> **Your instructions**:
Among the entries below, which lines run from the line with "Coenraad van Beuningen" through the line with "Anillo Romeo hilos"? Retype those, both ends included, exactly and without pictures.

(Given data begins)

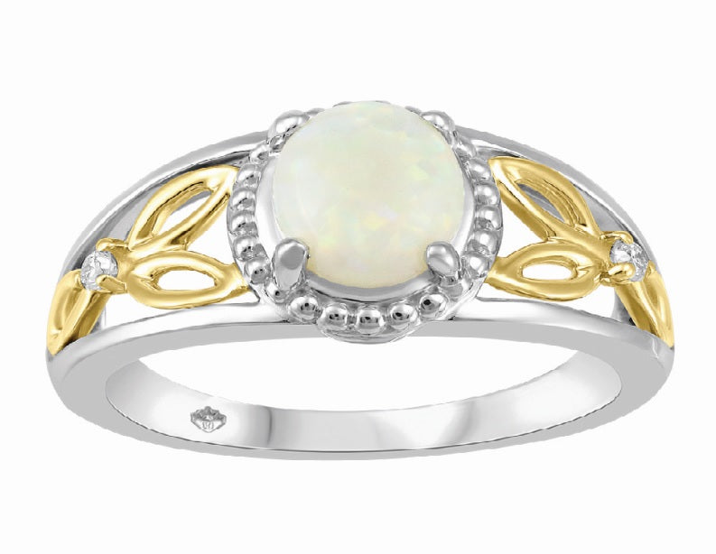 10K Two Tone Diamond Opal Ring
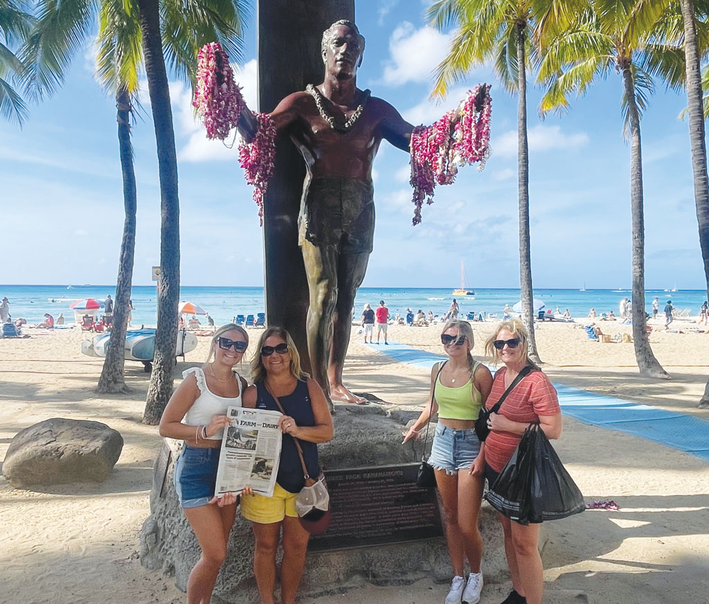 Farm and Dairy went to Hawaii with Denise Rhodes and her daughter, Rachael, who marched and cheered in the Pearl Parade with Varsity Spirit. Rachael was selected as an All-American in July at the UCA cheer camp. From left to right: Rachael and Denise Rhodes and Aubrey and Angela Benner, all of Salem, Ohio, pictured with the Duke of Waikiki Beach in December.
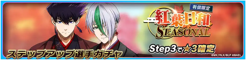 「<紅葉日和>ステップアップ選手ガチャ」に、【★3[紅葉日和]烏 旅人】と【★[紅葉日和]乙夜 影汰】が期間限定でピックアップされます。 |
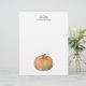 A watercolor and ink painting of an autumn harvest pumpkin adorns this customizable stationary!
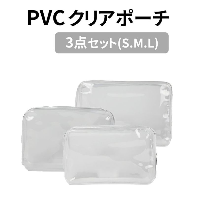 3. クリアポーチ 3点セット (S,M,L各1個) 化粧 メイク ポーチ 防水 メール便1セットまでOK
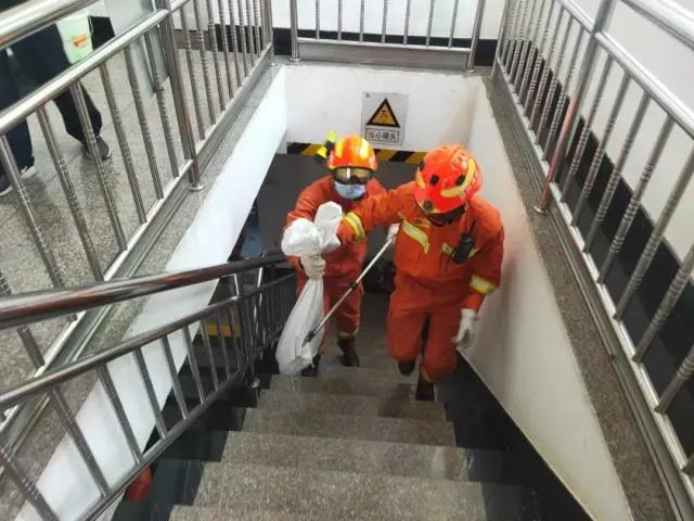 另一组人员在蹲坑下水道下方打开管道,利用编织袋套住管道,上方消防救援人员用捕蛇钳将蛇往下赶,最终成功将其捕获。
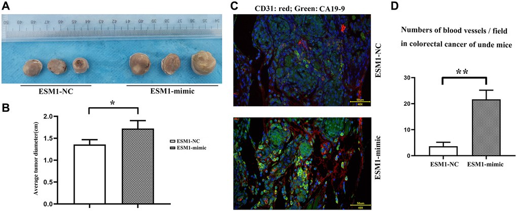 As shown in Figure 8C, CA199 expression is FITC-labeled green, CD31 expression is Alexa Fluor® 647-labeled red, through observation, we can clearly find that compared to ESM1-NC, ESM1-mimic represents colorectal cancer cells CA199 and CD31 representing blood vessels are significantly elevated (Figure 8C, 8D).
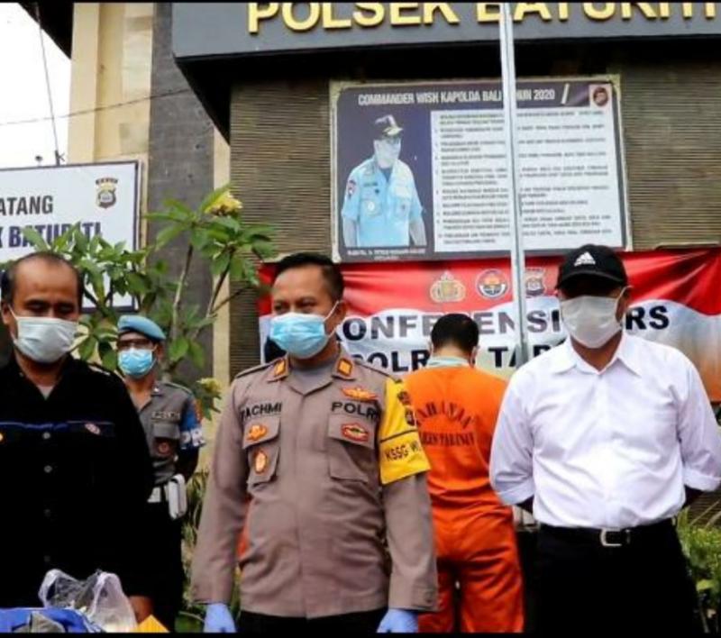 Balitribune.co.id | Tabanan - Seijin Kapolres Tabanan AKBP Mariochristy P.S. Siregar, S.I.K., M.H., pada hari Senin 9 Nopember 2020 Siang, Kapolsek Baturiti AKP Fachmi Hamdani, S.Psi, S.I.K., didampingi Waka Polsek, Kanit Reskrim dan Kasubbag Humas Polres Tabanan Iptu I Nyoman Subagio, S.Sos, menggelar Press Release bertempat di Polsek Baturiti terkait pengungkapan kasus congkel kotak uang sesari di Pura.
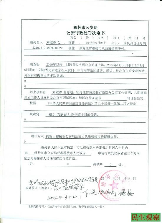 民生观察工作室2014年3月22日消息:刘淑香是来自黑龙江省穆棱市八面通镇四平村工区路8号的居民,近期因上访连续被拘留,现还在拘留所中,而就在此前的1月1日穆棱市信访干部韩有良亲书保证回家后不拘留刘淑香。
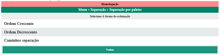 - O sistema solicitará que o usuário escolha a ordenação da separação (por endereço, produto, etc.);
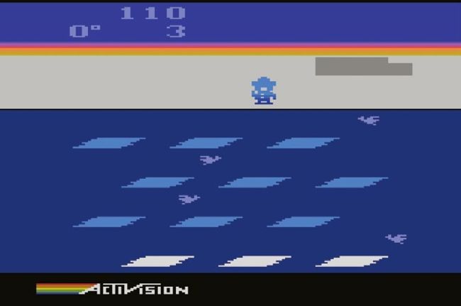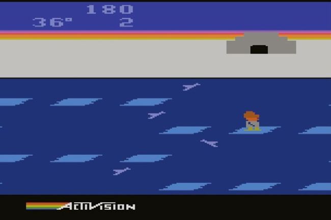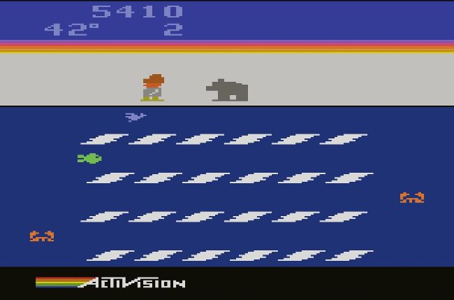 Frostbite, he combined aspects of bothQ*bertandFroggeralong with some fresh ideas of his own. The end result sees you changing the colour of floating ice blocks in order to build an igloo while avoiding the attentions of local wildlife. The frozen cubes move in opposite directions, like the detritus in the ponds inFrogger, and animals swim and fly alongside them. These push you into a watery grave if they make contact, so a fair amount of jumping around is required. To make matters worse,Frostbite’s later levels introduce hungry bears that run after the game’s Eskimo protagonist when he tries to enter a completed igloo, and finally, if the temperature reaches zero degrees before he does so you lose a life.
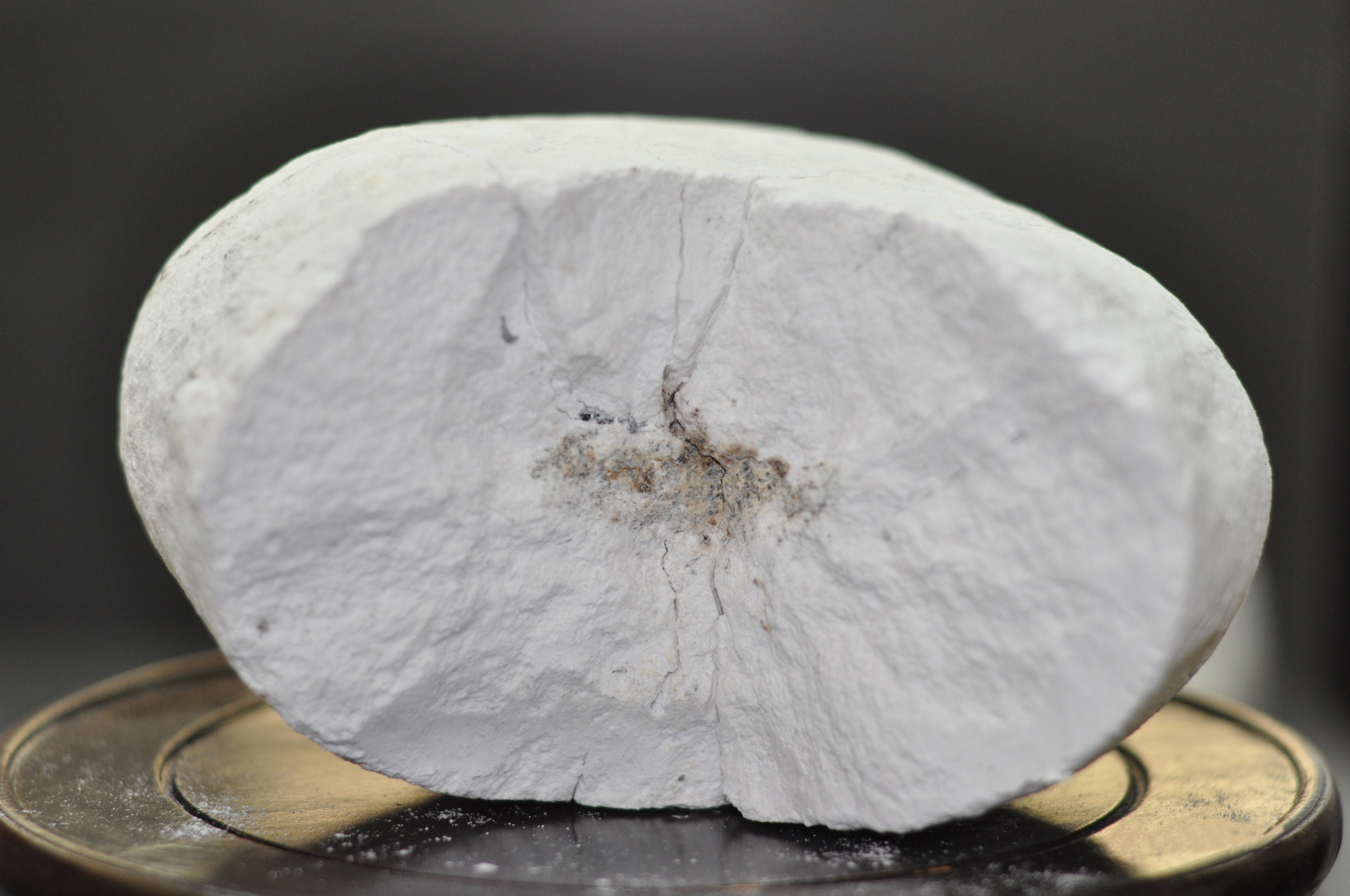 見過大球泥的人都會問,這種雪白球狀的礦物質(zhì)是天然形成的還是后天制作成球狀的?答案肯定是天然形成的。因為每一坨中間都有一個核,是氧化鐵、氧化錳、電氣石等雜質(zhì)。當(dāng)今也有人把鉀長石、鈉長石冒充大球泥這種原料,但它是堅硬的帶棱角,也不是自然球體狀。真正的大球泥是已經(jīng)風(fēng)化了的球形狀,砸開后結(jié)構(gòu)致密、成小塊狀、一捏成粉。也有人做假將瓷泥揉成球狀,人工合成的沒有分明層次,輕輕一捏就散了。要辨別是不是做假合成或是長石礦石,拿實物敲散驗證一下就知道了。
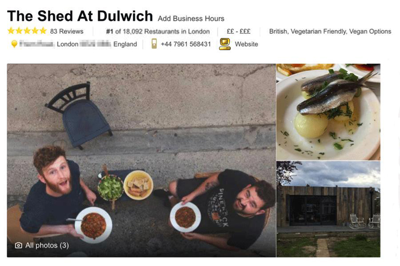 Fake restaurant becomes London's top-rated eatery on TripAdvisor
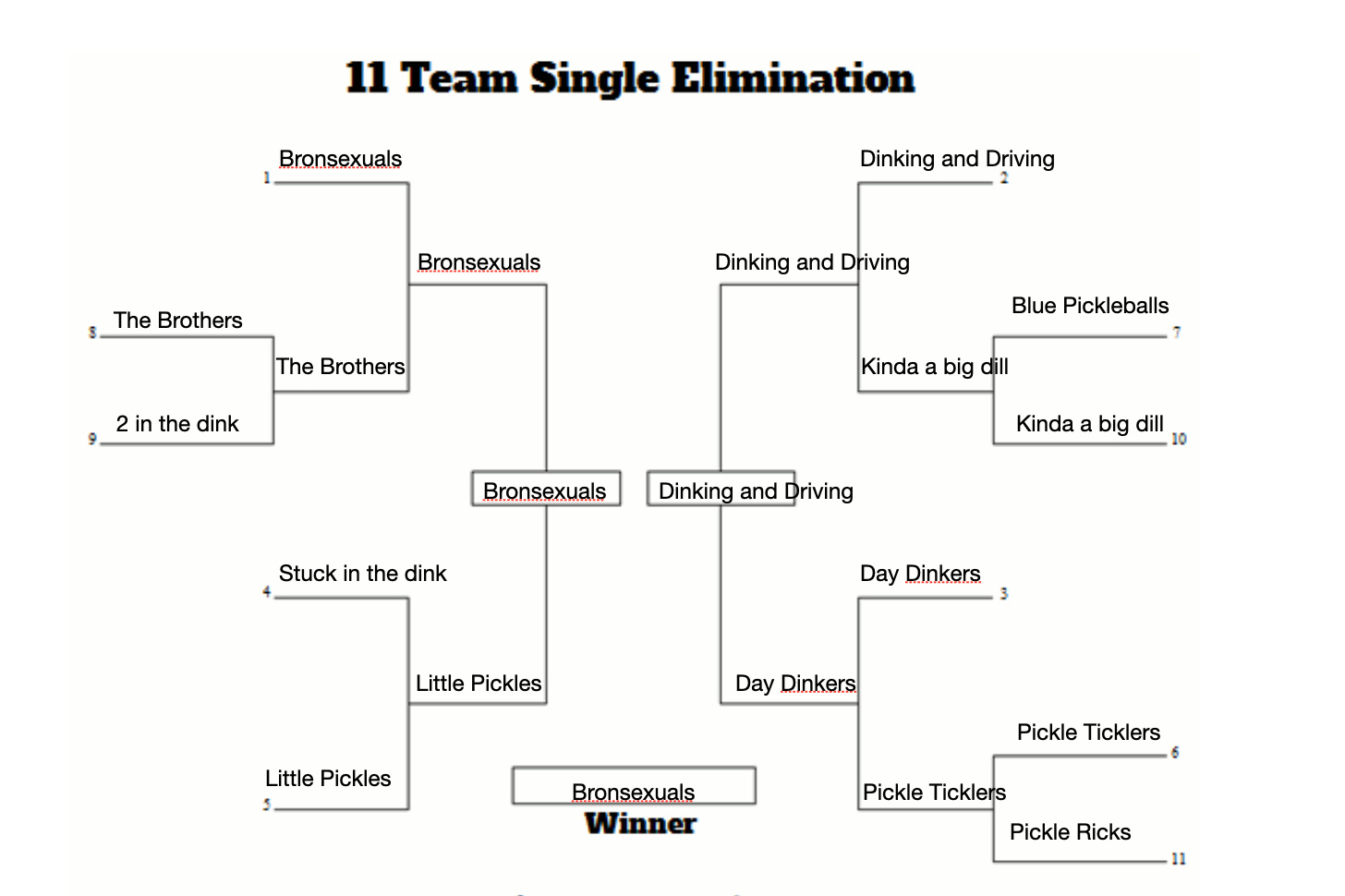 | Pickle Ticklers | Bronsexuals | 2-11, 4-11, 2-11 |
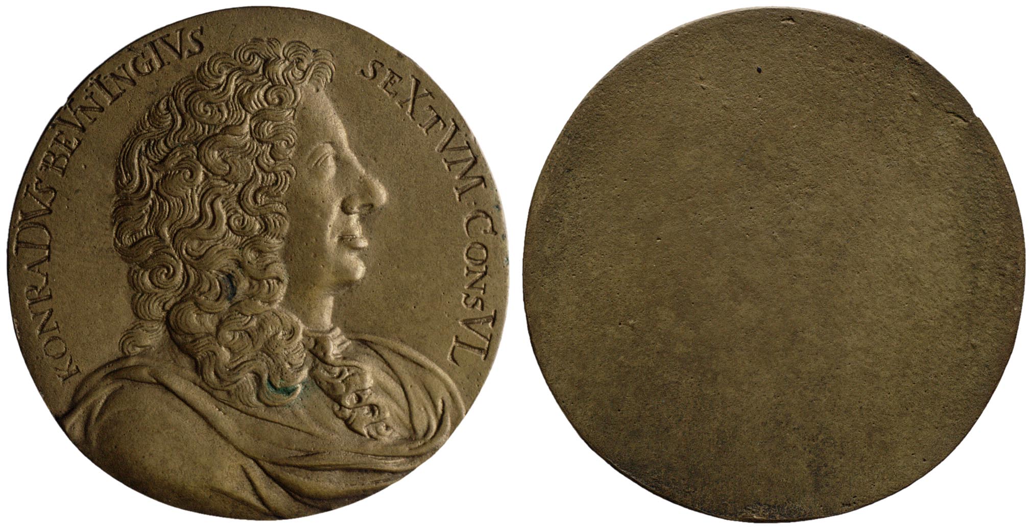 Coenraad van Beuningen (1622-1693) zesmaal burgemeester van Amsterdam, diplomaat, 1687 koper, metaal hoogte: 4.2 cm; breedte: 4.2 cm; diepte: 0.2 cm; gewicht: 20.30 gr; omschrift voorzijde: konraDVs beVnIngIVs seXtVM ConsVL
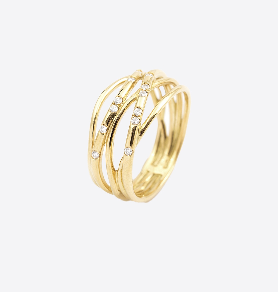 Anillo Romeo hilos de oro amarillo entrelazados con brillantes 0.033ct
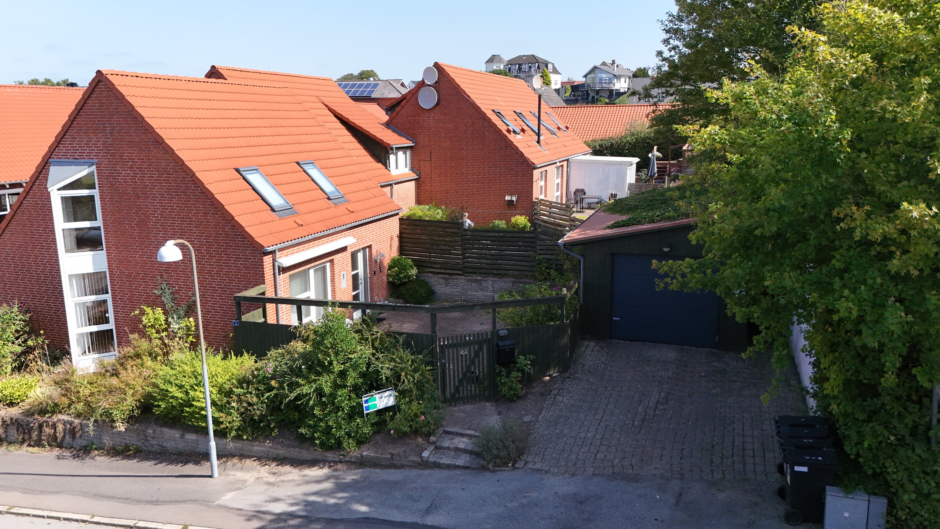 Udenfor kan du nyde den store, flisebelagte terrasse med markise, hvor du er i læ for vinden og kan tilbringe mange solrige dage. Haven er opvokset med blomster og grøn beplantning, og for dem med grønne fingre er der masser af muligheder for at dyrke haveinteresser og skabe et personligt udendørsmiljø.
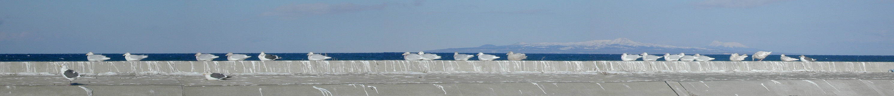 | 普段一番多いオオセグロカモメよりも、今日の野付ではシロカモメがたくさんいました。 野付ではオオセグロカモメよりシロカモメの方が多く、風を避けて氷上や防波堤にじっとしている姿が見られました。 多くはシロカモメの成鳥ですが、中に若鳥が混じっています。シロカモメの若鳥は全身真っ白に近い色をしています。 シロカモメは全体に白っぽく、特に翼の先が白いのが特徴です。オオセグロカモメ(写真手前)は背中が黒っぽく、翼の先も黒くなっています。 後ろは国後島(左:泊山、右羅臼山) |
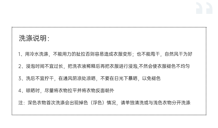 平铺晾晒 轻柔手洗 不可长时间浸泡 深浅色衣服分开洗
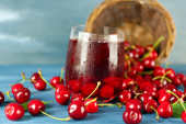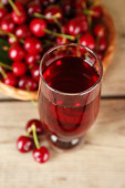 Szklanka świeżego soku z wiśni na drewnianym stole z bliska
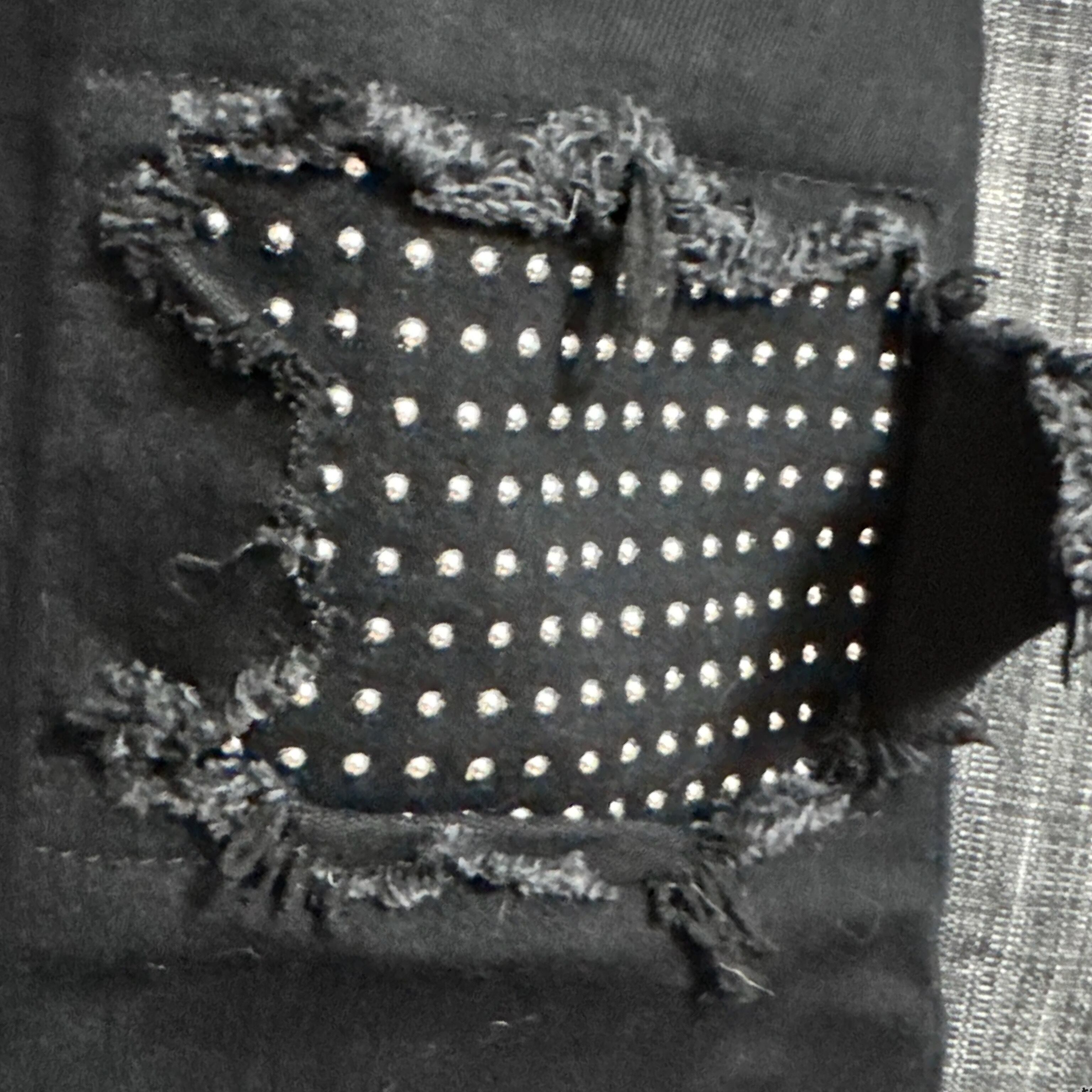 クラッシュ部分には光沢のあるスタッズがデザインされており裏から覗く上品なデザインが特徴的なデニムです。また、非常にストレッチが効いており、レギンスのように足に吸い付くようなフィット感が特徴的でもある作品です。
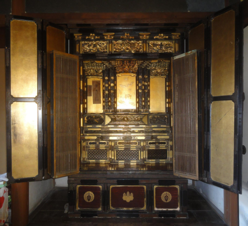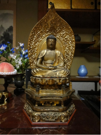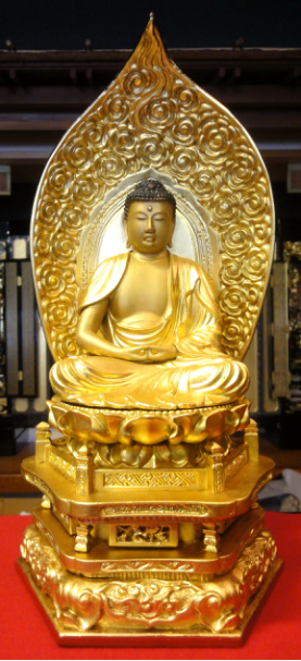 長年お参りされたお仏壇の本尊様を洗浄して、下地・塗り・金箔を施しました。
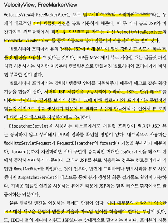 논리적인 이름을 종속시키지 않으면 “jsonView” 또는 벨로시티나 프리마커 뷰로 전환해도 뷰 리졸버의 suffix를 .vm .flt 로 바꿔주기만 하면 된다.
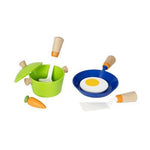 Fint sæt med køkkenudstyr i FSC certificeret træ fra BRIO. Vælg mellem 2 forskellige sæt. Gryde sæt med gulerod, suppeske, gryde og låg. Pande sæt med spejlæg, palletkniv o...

(Given data ends)

> **Task output**:
 Coenraad van Beuningen (1622-1693) zesmaal burgemeester van Amsterdam, diplomaat, 1687 koper, metaal hoogte: 4.2 cm; breedte: 4.2 cm; diepte: 0.2 cm; gewicht: 20.30 gr; omschrift voorzijde: konraDVs beVnIngIVs seXtVM ConsVL
 Anillo Romeo hilos de oro amarillo entrelazados con brillantes 0.033ct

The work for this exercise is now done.